|By Chris Jones, Las Vegas Review-Journal|
Knight Ridder/Tribune Business News
Oct. 2, 2004 - Saying sayonara to a recent widespread reluctance to travel abroad, an increasing number of Japanese are expected to visit the United States this year, a new study says.
Local travel leaders are optimistic Japan's 2004 travel renaissance will be a boon to Las Vegas, which has seen a steady decline in Japanese visitor counts in each of the past three years.
This year's Las Vegas-area Japanese visitor count won't be available until well into 2005, but the Travel Industry Association of America, a Washington-based trade organization, in September released a research study that focused on Japanese travel demand within the United States.

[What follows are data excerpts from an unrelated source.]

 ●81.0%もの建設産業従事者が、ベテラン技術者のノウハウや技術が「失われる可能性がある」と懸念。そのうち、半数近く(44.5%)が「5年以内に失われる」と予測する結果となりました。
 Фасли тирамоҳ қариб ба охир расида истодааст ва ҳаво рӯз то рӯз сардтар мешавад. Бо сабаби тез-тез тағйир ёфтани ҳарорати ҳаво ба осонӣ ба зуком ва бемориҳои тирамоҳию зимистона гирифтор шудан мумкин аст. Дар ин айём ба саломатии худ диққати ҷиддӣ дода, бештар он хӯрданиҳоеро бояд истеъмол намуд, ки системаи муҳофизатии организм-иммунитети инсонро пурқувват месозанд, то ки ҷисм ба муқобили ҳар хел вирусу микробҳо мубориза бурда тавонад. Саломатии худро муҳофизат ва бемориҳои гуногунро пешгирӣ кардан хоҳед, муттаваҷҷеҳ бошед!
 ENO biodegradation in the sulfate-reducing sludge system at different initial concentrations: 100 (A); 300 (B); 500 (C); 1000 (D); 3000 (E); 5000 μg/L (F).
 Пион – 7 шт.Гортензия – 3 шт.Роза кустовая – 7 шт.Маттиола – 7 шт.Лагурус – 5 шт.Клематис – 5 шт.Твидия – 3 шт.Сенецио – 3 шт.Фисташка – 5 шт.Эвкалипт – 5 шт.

The 35-page study found Japan's improving economy has renewed its citizens' consumer confidence, a key component in their willingness to travel. Coupled with the yen's strength against the dollar, the association has estimated the number of Japanese visiting this country will this year climb by 7.2 percent to 3.4 million.
"All signs point to robust growth in Japanese arrivals to the United States," the report read.

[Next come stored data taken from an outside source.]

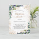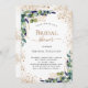 Bem-vindo a um Chá de panela elegante. Um fundo branco chic. Decorados com folhas de eucalipto, prigos, verde, folhas de ouro falso e pó de ouro, de cor aquosa verde. Personalize e adicione o nome da noiva a ser e os detalhes da parte. Letras pretas e ouros.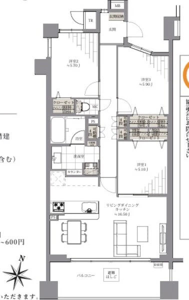 | バルコニー面積 | 13㎡ | バルコニー向き | 南 |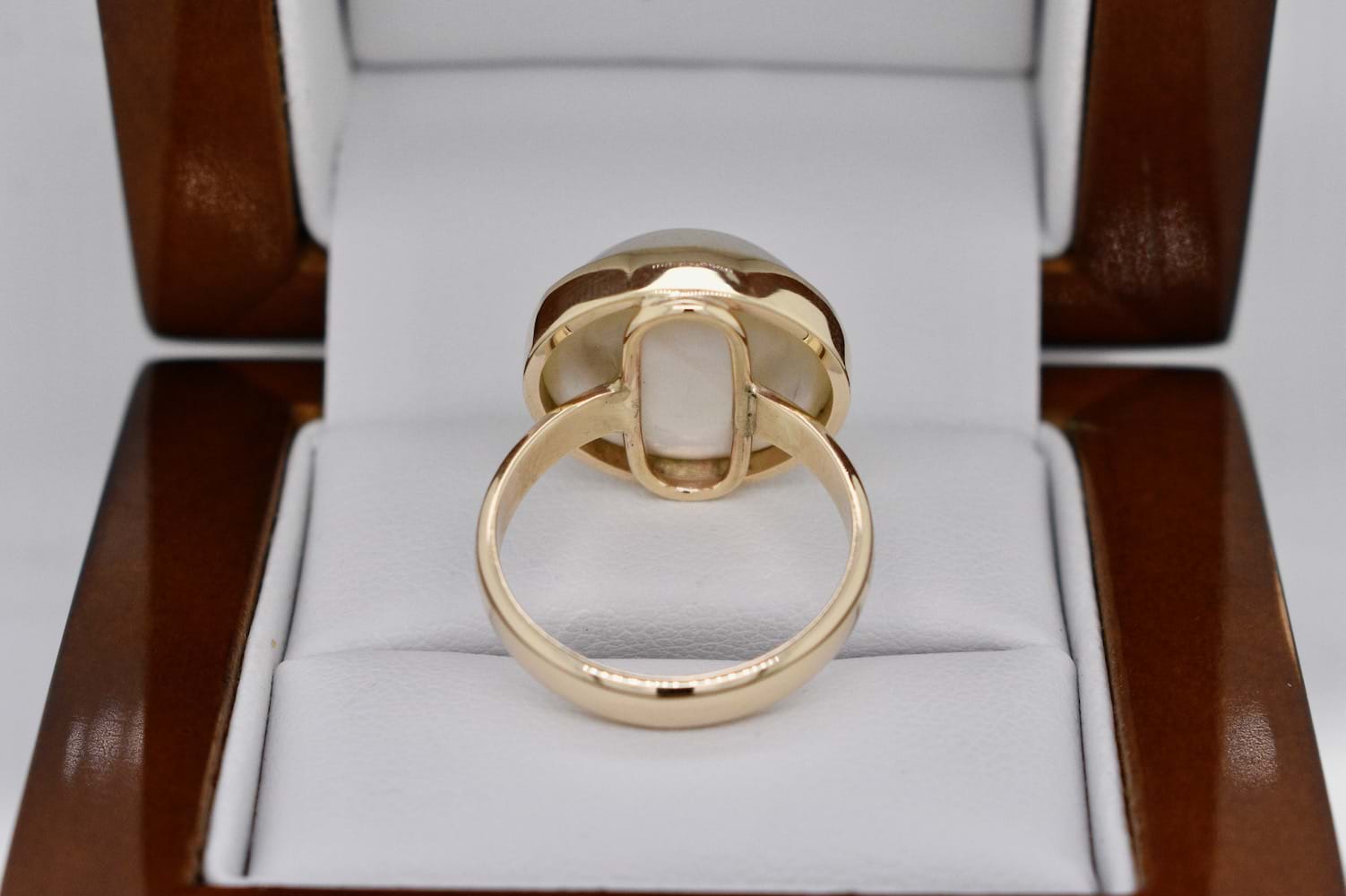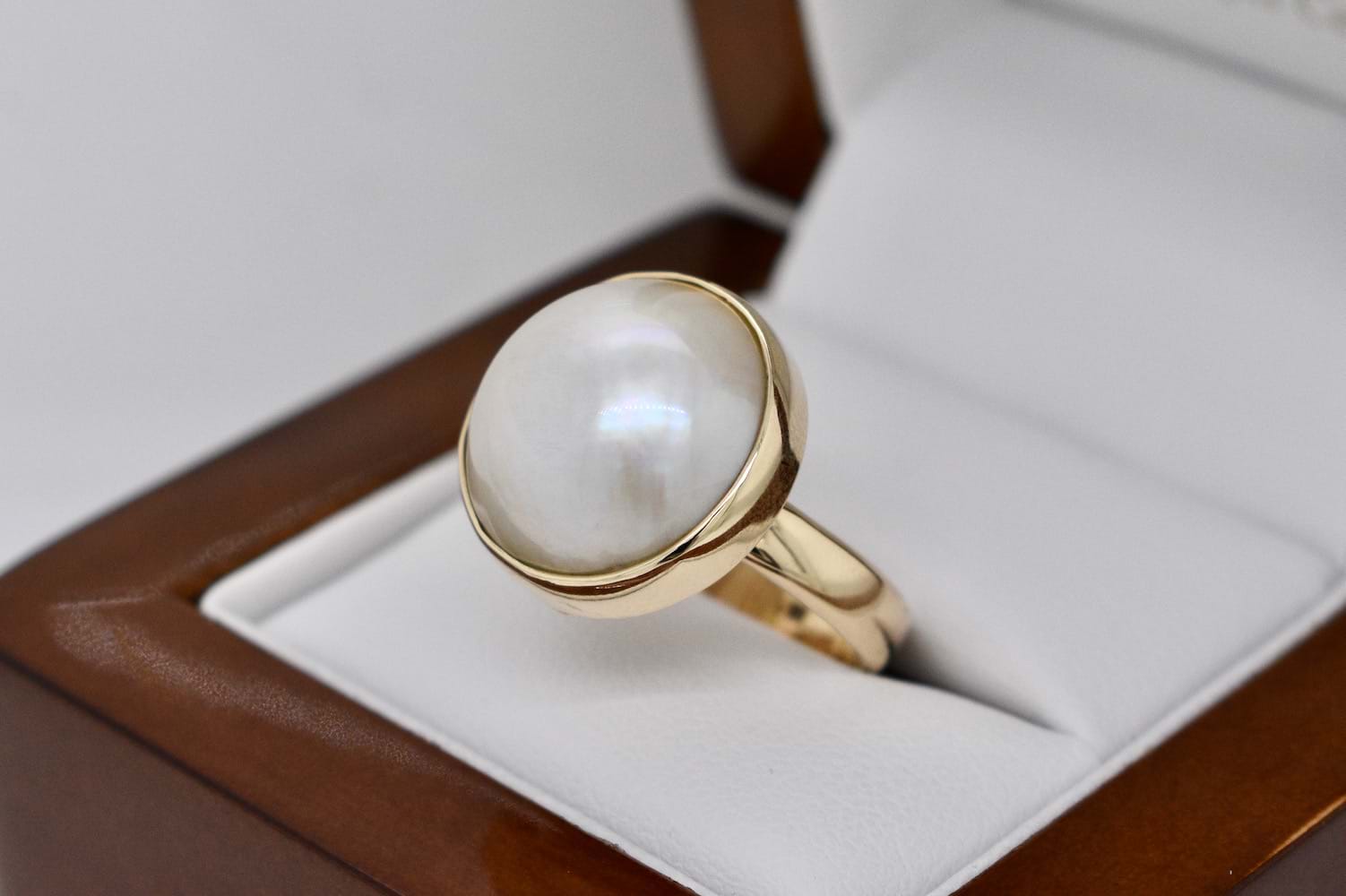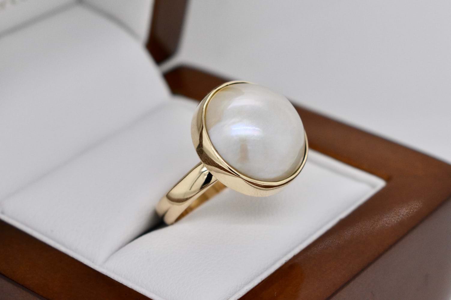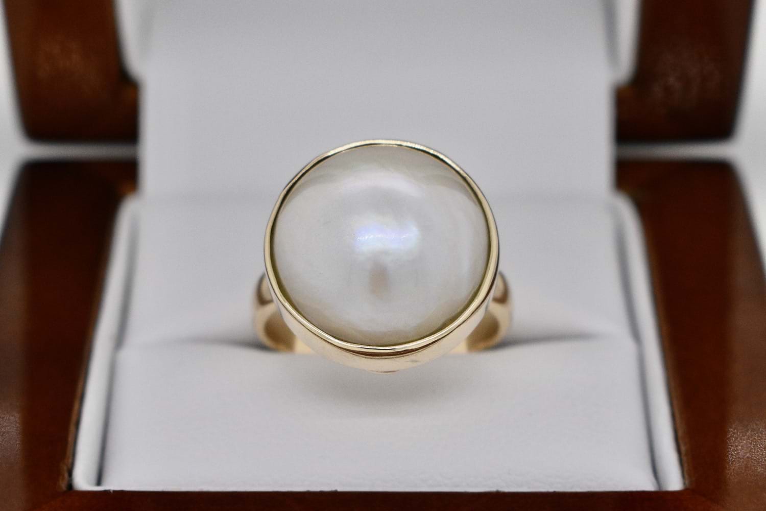 Stunning handmade 9ct yellow gold ring featuring a bezel set 16.5mm white mabe pearl with a plain band. Finger size L

Kyosuke Okada, who represents the Las Vegas Convention and Visitors Authority in Japan, said few foreign cities will benefit from that turnaround more than Las Vegas.
"Among major destinations in the U.S. mainland, Las Vegas has been and still is the number one selling destination for tour operators," Okada wrote Friday in an e-mail from Tokyo.
Las Vegas' market share among various tour operators ranges from 30 percent to 60 percent, Okada added. That's particularly important in Japan, where tour companies and travel agencies book more than 70 percent of all overseas trips, TIA's survey said.
Okada said the outbreak of bird flu and severe acute respiratory syndrome, terror threats and U.S.-led invasion of Iraq kept many Japanese from traveling last year. Those concerns had an opposite effect in 2004, however.
"The pent-up demand for outbound travel in general from Japan is very strong this year as Japanese people refrained from traveling last year due to various negative factors," Okada said. "Naturally, they are tired of staying home and they started to travel again earlier this year."
Though many Japanese come here after arriving at a different U.S. city, Tokyo-based Japan Airlines has offered direct service to McCarran International Airport since 1998.
The company halted its then four weekly Las Vegas flights for about five months following the terror attacks of Sept. 11, 2001, and subsequent concerns surrounding last year's health and political concerns caused the cancellation of several flights here in early 2003.
Business has bounced back this year. Through August, JAL carried 55,129 passengers through McCarran, up 46 percent compared with the same eight-month period a year ago.
Last year, the U.S. Department of Commerce estimated 168,000 Japanese visited the Las Vegas area.
This year's gains are welcome, but Las Vegas is still projecting well below its 2000 level, when an estimated 511,000 Japanese came to town.
That year, JAL's passenger count through August was 81,857, or 32 percent better than this year despite competitive direct-to-Japan service operated four years ago by Northwest Airlines and charter operator All Nippon Airways.
Northwest pulled its Las Vegas-Japan flights in early 2001, a move one local observer said resulted from JAL's strong ties to Japanese tour group operators. All Nippon last flew here in 2002.